### Exercise requirements
Each record below is to be copied exactly; the pictures are to be omitted.

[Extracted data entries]
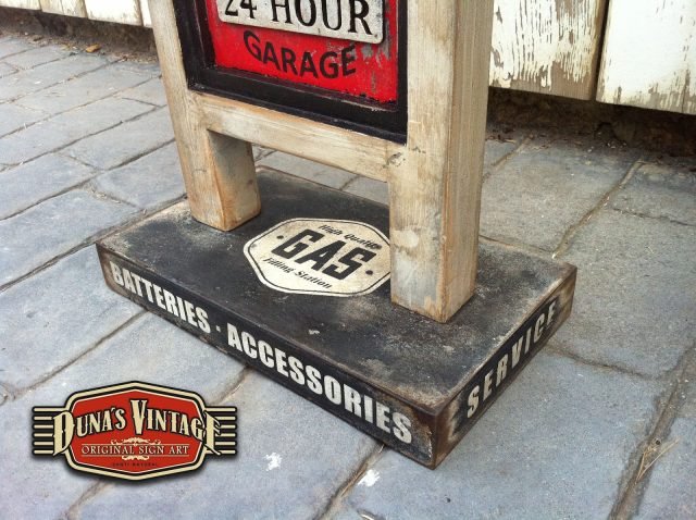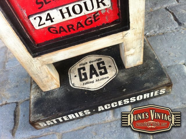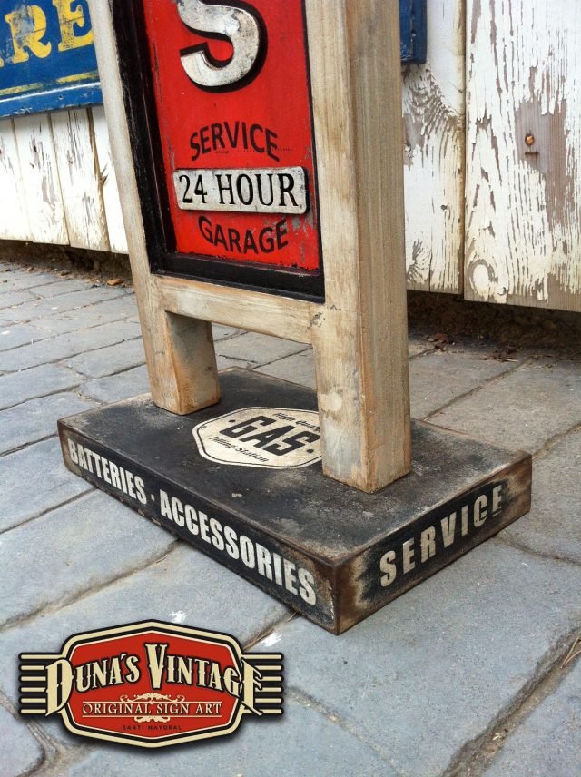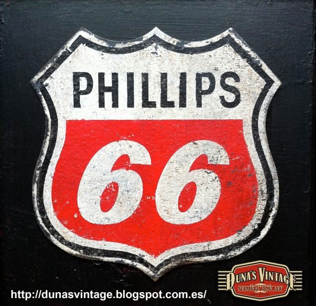Duna´s Vintage os presenta el típico cartel que encontrábamos en las gasolineras de Estados Unidos en los años 50´ este cartelel de la marca Phillips 66 pintado a dos caras con una peana que se puede desmontar para su envió.
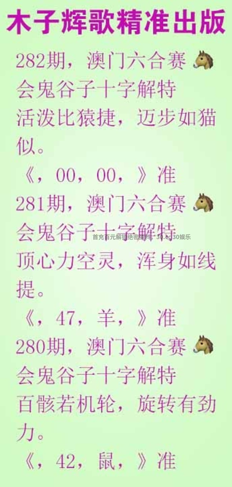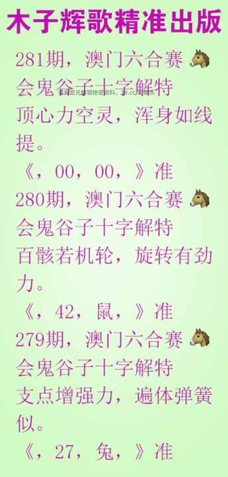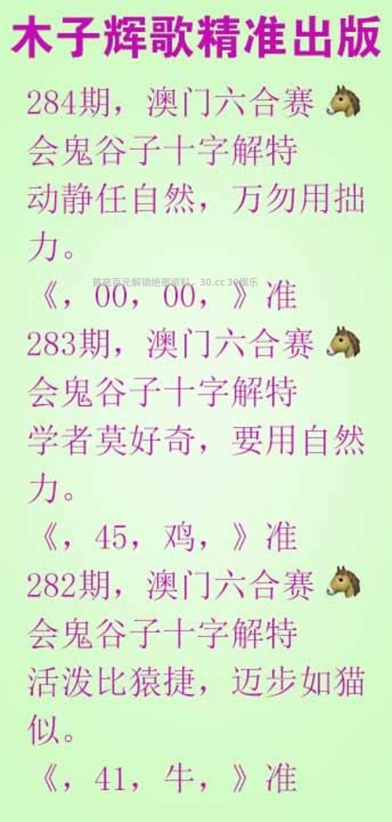 284期:♣天地中特♣天天天♣开:牛41中 285期:♣天地中特♣天天天♣开:马24中 286期:♣天地中特♣地地地♣开:發00中 天肖:牛猪猴马龙兔 💥 地肖:虎鼠狗鸡羊蛇 庄家怕了,密料大放送!(9715888.com) 澳门木子辉歌《五段中特》9715888.com
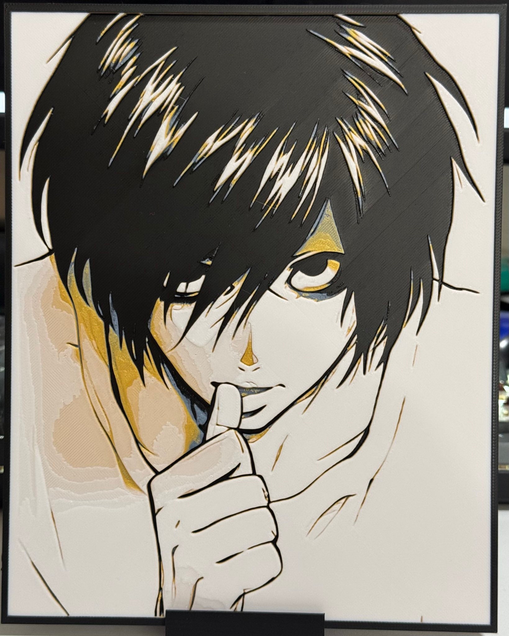 Print inspired by L from Death Note, capturing his iconic crouched posture, intense gaze, and quiet analytical presence. Layer depth emphasizes his tousled black hair, sharp shadows, and the subtle tension in his thoughtful pose, giving the piece a moody, detective-noir energy.
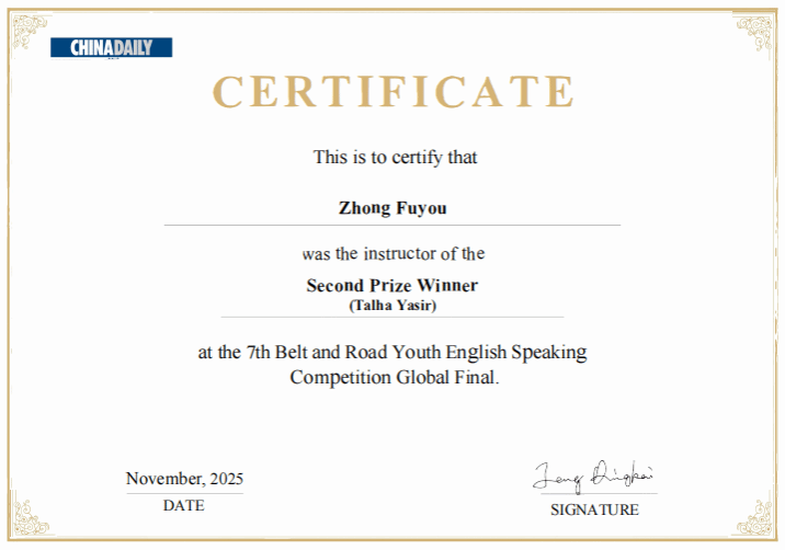 近日,由中国日报社主办的第七届“一带一路”全球青少年英语演讲总决赛在浙江杭州圆满落幕。我校2021级巴基斯坦留学生TALHA YASIR在比赛中发挥出色,凭借扎实的语言功底、深刻的主题阐述与流畅的现场表达,从众多参赛者中脱颖而出,荣获总决赛二等奖。这是他第二次参与此项高水平赛事,并成功卫冕该奖项,展现了我校留学生优秀的综合素养与稳定的竞技水平。
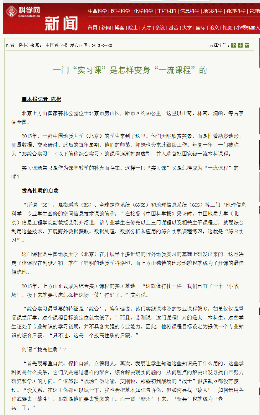 名称 | 中国科学报 报道基地建设成效——助力实践教学课程提升为国家一流课程的教学理念 | ||
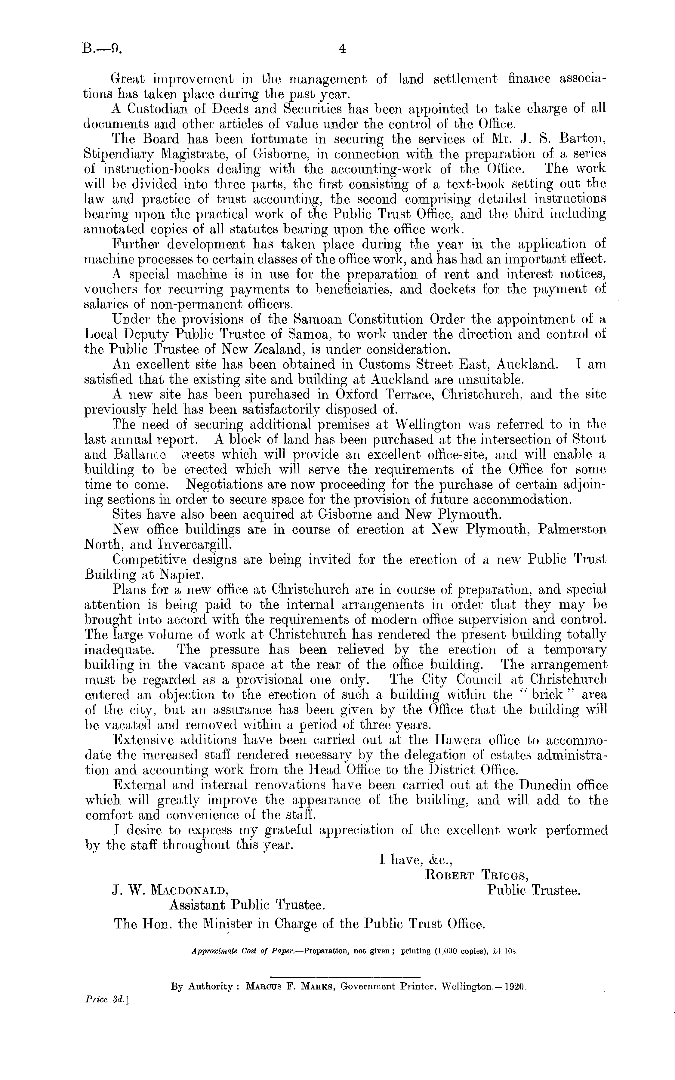 Great improvement in the management of land settlement finance associations has taken place during the past year. A Custodian of Deeds and Securities has been appointed to take charge of all documents and other articles of value under the control of the Office. The Board has been fortunate in securing the services of Mr. J. S. Barton, Stipendiary Magistrate, of Gisborne, in connection with the preparation of a series of instruction-books dealing with the accounting-work of the Office. The work will be divided into three parts, the first consisting of a text-book setting out the law and practice of trust accounting, the second comprising detailed instructions bearing upon the practical work of the Public Trust Office, and the third including annotated copies of all statutes bearing upon the office work. Further development has taken place during the year in the application of machine processes to certain classes of the office work, and has had an important effect. A special machine is in use for the preparation of rent and interest notices, vouchers for recurring payments to beneficiaries, and dockets for the payment of salaries of non-permanent officers. Under the provisions of the Samoan Constitution Order the appointment of a Local Deputy Public Trustee of Samoa, to work under the direction and control of the Public Trustee of New Zealand, is under consideration. An excellent site has been obtained in Customs Street East, Auckland. lam satisfied that the existing site and building at Auckland are unsuitable. A new site has been purchased in Oxford Terrace, Christchurch, and the site previously held has been satisfactorily disposed of. The need of securing additional premises at Wellington was referred to in the last annual report. A block of land has been purchased at the intersection of Stout and Ballance fcreets which will provide an excellent office-site, and will enable a building to be erected which will serve the requirements of the Office for some time to come. Negotiations are now proceeding for the purchase of certain adjoining sections in order to secure space for the provision of future accommodation. Sites have also been acquired at Gisborne and New Plymouth, New office buildings are in course of erection at New Plymouth, Palmerston North, and Invercargill. Competitive designs are being invited for the erection of a new Public Trust Building at Napier. Plans for a new office at Christchurch are in course of preparation, and special attention is being paid to the internal arrangements in order that they may be brought into accord with the requirements of modern office supervision and control. The large volume of work at Christchurch has rendered the present building totally inadequate. The pressure has been relieved by the erection of a temporary building in the vacant space at the rear of the office building. The arrangement must be regarded as a provisional one only. The City Council at Christchurch entered an objection to the erection of such a building within the " brick " area of the city, but an assurance has been given by the Office that the building will be vacated and removed within a period of three years. Extensive additions have been carried out at the Hawera office to accommodate the increased staff rendered necessary by the delegation of estates administration and accounting work from the Head Office to the District Office. External and internal renovations have been carried out at the Dunedin office which will greatly improve the appearance of the building, and will add to the comfort and convenience of the staff. I desire to express my grateful appreciation of the excellent work performed by the staff throughout this year. I have, &c, Robert Triggs, J. W. Macdonald, Public Trustee. Assistant Public Trustee. The Hon. the Minister in Charge of the Public Trust Office.

### Written response
Duna´s Vintage os presenta el típico cartel que encontrábamos en las gasolineras de Estados Unidos en los años 50´ este cartelel de la marca Phillips 66 pintado a dos caras con una peana que se puede desmontar para su envió.
 284期:♣天地中特♣天天天♣开:牛41中 285期:♣天地中特♣天天天♣开:马24中 286期:♣天地中特♣地地地♣开:發00中 天肖:牛猪猴马龙兔 💥 地肖:虎鼠狗鸡羊蛇 庄家怕了,密料大放送!(9715888.com) 澳门木子辉歌《五段中特》9715888.com
 Print inspired by L from Death Note, capturing his iconic crouched posture, intense gaze, and quiet analytical presence. Layer depth emphasizes his tousled black hair, sharp shadows, and the subtle tension in his thoughtful pose, giving the piece a moody, detective-noir energy.
 近日,由中国日报社主办的第七届“一带一路”全球青少年英语演讲总决赛在浙江杭州圆满落幕。我校2021级巴基斯坦留学生TALHA YASIR在比赛中发挥出色,凭借扎实的语言功底、深刻的主题阐述与流畅的现场表达,从众多参赛者中脱颖而出,荣获总决赛二等奖。这是他第二次参与此项高水平赛事,并成功卫冕该奖项,展现了我校留学生优秀的综合素养与稳定的竞技水平。
 名称 | 中国科学报 报道基地建设成效——助力实践教学课程提升为国家一流课程的教学理念 | ||
 Great improvement in the management of land settlement finance associations has taken place during the past year. A Custodian of Deeds and Securities has been appointed to take charge of all documents and other articles of value under the control of the Office. The Board has been fortunate in securing the services of Mr. J. S. Barton, Stipendiary Magistrate, of Gisborne, in connection with the preparation of a series of instruction-books dealing with the accounting-work of the Office. The work will be divided into three parts, the first consisting of a text-book setting out the law and practice of trust accounting, the second comprising detailed instructions bearing upon the practical work of the Public Trust Office, and the third including annotated copies of all statutes bearing upon the office work. Further development has taken place during the year in the application of machine processes to certain classes of the office work, and has had an important effect. A special machine is in use for the preparation of rent and interest notices, vouchers for recurring payments to beneficiaries, and dockets for the payment of salaries of non-permanent officers. Under the provisions of the Samoan Constitution Order the appointment of a Local Deputy Public Trustee of Samoa, to work under the direction and control of the Public Trustee of New Zealand, is under consideration. An excellent site has been obtained in Customs Street East, Auckland. lam satisfied that the existing site and building at Auckland are unsuitable. A new site has been purchased in Oxford Terrace, Christchurch, and the site previously held has been satisfactorily disposed of. The need of securing additional premises at Wellington was referred to in the last annual report. A block of land has been purchased at the intersection of Stout and Ballance fcreets which will provide an excellent office-site, and will enable a building to be erected which will serve the requirements of the Office for some time to come. Negotiations are now proceeding for the purchase of certain adjoining sections in order to secure space for the provision of future accommodation. Sites have also been acquired at Gisborne and New Plymouth, New office buildings are in course of erection at New Plymouth, Palmerston North, and Invercargill. Competitive designs are being invited for the erection of a new Public Trust Building at Napier. Plans for a new office at Christchurch are in course of preparation, and special attention is being paid to the internal arrangements in order that they may be brought into accord with the requirements of modern office supervision and control. The large volume of work at Christchurch has rendered the present building totally inadequate. The pressure has been relieved by the erection of a temporary building in the vacant space at the rear of the office building. The arrangement must be regarded as a provisional one only. The City Council at Christchurch entered an objection to the erection of such a building within the " brick " area of the city, but an assurance has been given by the Office that the building will be vacated and removed within a period of three years. Extensive additions have been carried out at the Hawera office to accommodate the increased staff rendered necessary by the delegation of estates administration and accounting work from the Head Office to the District Office. External and internal renovations have been carried out at the Dunedin office which will greatly improve the appearance of the building, and will add to the comfort and convenience of the staff. I desire to express my grateful appreciation of the excellent work performed by the staff throughout this year. I have, &c, Robert Triggs, J. W. Macdonald, Public Trustee. Assistant Public Trustee. The Hon. the Minister in Charge of the Public Trust Office.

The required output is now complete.